2. Description of the Related Art
Background subtraction is a method for finding moving objects in a known background. An incoming image is compared pixel-by-pixel with a stored reference image and a difference mask is computed. Most such algorithms work on a very local basis. Neighboring pixels (in space and time) are considered only in a post-processing morphology stage. This can be a problem especially with shadow removal algorithms and may cause certain textured objects to be ignored. That is, it is possible for adjacent pixels to be corrected in opposite directions (e.g. one brightened, one dimmed) such that neither is perceived as different from the background pattern.
One solution to this dilemma is to not employ a pixel-based shadow removal algorithm, but instead detect all regions and use a post-processing method to determine if certain areas are shadows. This can be done by carefully looking for bounding edges around the object. Yet, this can be a time-consuming operation and the rules for when to break a shadow portion off a larger blob are difficult to formulate. Furthermore, in a highly textured environment (e.g. some outdoors scenes, or in a cluttered office) there is likely to be edge information near the boundary of a region no matter how the region was formed.
Another possible post-processing rule would be to search the interior of a region for texture and compare this to the texture found in the original background image. Once again, however, the criteria governing when to retain or dismiss a region are problematic.

SUMMARY

Systems and methods for detecting visual objects by employing multiple cues include statistically combining information from multiple sources into a saliency map, wherein the information may include color, edge differences and/or motion in an image where an object is to be detected. The statistical combination method makes use of pixel noise estimates to weight the contribution of pixel-by-pixel and local neighborhood cues. The statistically combined information is thresholded to make decisions with respect to foreground/background pixels.
A system for detecting visual objects by employing multiple cues includes a video source, which provides images to be processed. A probability determination module determines a probability for a plurality of cues based upon available information to determine if a pixel belongs to an object or a background, wherein the cues include a combination of pixel-by-pixel cues and local neighborhood cues.
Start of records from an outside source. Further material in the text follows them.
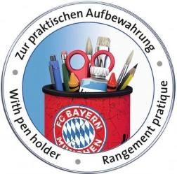 Het populaire merk RAVENSBURGER brengt een design 3D-houder met het clubmotief van FC Bayern München. Speciaal gevormde en genummerde stukjes van stevig kunststof passen naadloos in elkaar en vormen een stabiele organizer die elke dag plezier geeft. Je kunt bouwen aan de hand van het motief of volgens de nummering op de achterkant voor een eenvoudigere opbouw.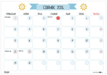 Karta z kalendarza na czerwiec 2026 roku z oznaczeniem najważniejszych świąt i miejscem na notatki przy każdym dniu miesiąca.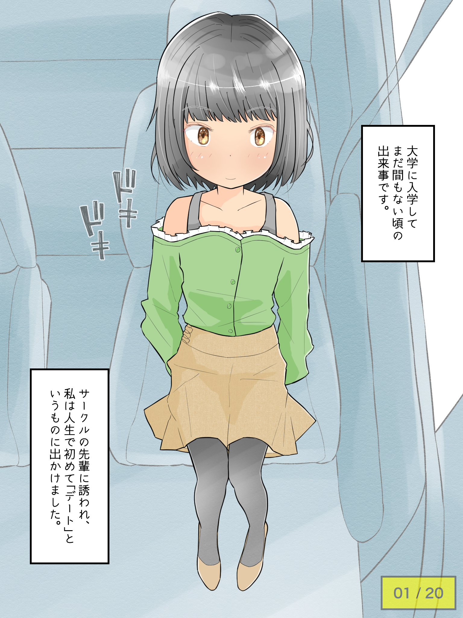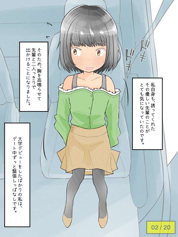 憧れの先輩と、念願叶い初めてのデートに出かける女子大生。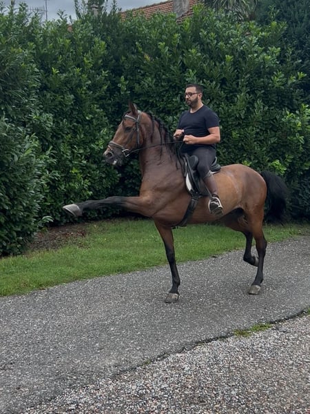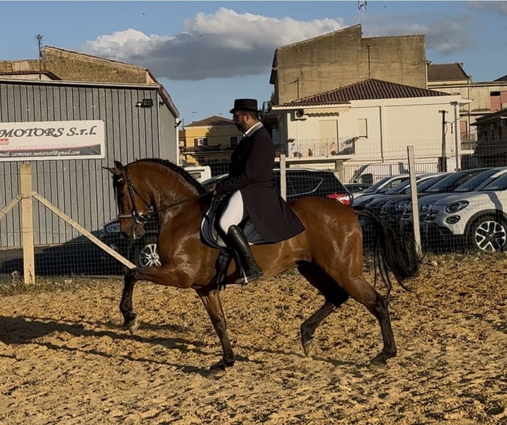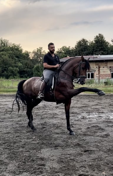 Castrone P.r.e anni 10 domato in alta scuola spagnola , piaffe passage passo spagnolo jambet revers travers cambi di galoppo appoggi ecc, cavallo dí facilissima gestione da terra e super affidabile, montato per persone con minimo di esperienza, non per principianti .0039 3331377815

A statistical combiner combines the probabilities from each of the plurality of cues into a saliency map such that statistically combined information is employed to make decisions with respect to foreground or background pixels.
Another system for detecting visual objects by employing multiple cues includes a video source, which provides images to be processed. A probability determination module determines a probability for a plurality of cues based upon available information to determine if a pixel belongs to an object or a background. A noise estimator estimates noise for each cue, wherein the noise estimate is employed in deriving probabilities for the cues. A statistical combiner combines the probabilities from each of the plurality of cues into a saliency map such that statistically combined information is employed to make decisions with respect to foreground or background pixels.
These and other objects, features and advantages will become apparent from the following detailed description of illustrative embodiments thereof, which is to be read in connection with the accompanying drawings.

BRIEF DESCRIPTION OF DRAWINGS

The disclosure will provide details in the following description of preferred embodiments with reference to the following figures wherein:
FIG. 1 is a block/flow diagram showing an illustrative system/method for detecting objects in video based upon multiple cues; and
FIG. 2 is a block diagram showing an illustrative system for detecting objects in video based upon multiple cues.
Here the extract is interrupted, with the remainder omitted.